▶ **EXERCISE PROMPT**
Reproduce exactly the run of lines that begins with the one containing "Mens 3 pair" and ends with the last line of the records, omitting pictures.

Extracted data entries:
# # # #

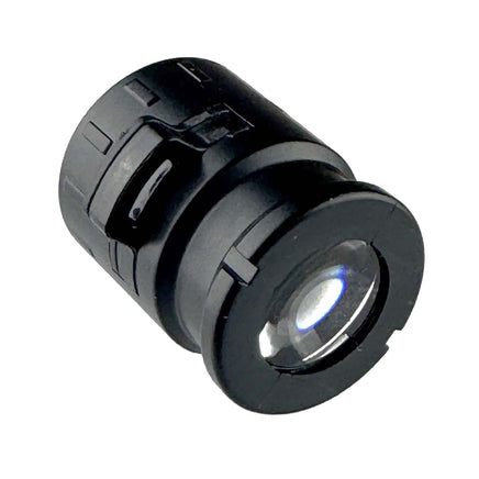 Miniature projection lens is made up of 4 tiny magnifying lenses housed in a 0.74" long x 0.60" diameter housing. In the center of the housing is a slide out negative/slide holder (no negative or slide included). It is designed to hold a 0.40" dia. slide or negative of an image of a logo that would be projected in full color on the pavement when you car door was opened (the distance was about 1.5 to 2.5 ft. Amazing little lens and slide holder. Does not come with projection lamp. New!
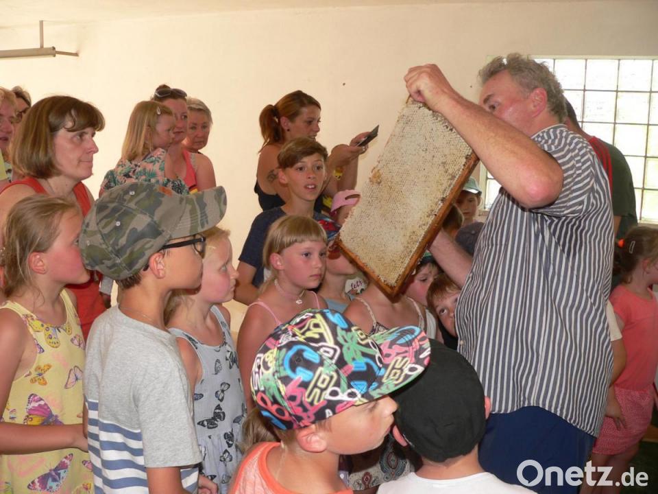 Trotz tropischer Temperaturen waren viele Kinder - teils mit ihren Müttern und Omas - gekommen. Die Buben und Mädchen drückten sich mit hochroten Backen die Nasen an den Scheiben des Bienenstocks platt, konnten sie doch miterleben, wie Bienen schlüpfen. „Und davon bis zu 2000 am Tag“, sagte Müller. Die Kinder lauschten aufmerksam seinen Erklärungen und wissen nun, dass eine Biene mit ihrem „Schwänzeltanz“ den anderen verrät, an welchen Blüten und Blumen es etwas zu holen gibt. Sie wissen, dass eine Biene nur 40 Tage lebt, sie aber am 16. Tag erst ausfliegt und dass die Herbstbienen jedoch ein halbes Jahr alt werden, damit das Volk überlebt. „Für ein Glas Honig müsste eine Biene rund eine Million Blüten besuchen“, erläuterte der Hobbyimker den staunenden Besuchern. Wichtig für die Honiglieferung seien vor allem die Raps- und die Löwenzahnblüte.
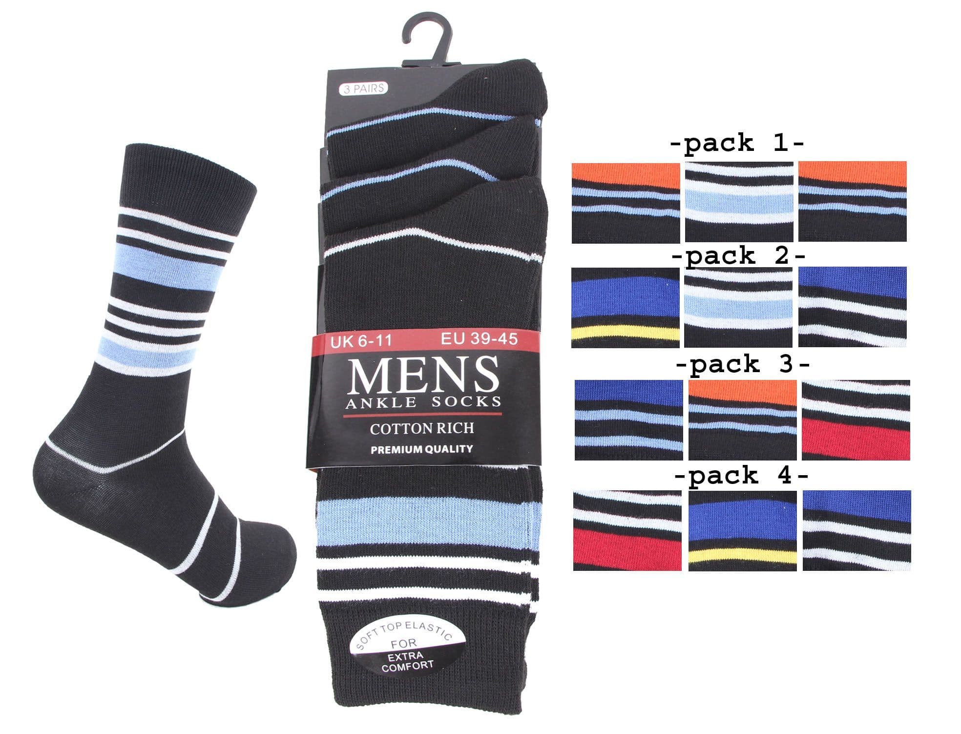 Mens 3 pair stripes style assorted dress socks causal wear socks
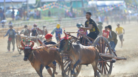 Ox cart race held in Phetchaburi Province, Thailand
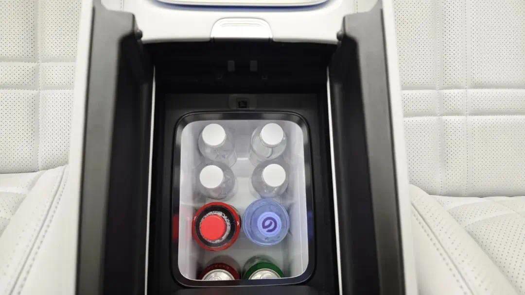 中央扶手区域后方是一个10L的冷暖冰箱,支持零下6摄氏度到50摄氏度调节范围,也是选装才有。
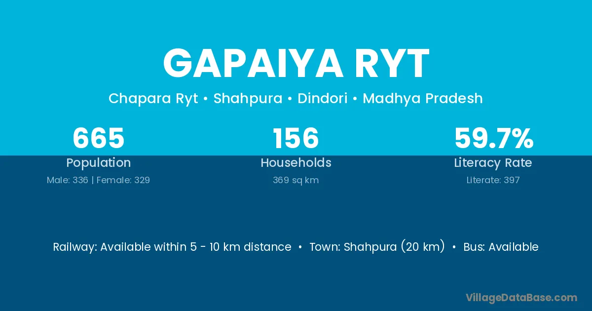 Gapaiya Ryt village has a total population of 665 people, of which 336 are males and 329 are females.

# # # #

▶ **SOLVED PROBLEM**
 Mens 3 pair stripes style assorted dress socks causal wear socks
 Ox cart race held in Phetchaburi Province, Thailand
 中央扶手区域后方是一个10L的冷暖冰箱,支持零下6摄氏度到50摄氏度调节范围,也是选装才有。
 Gapaiya Ryt village has a total population of 665 people, of which 336 are males and 329 are females.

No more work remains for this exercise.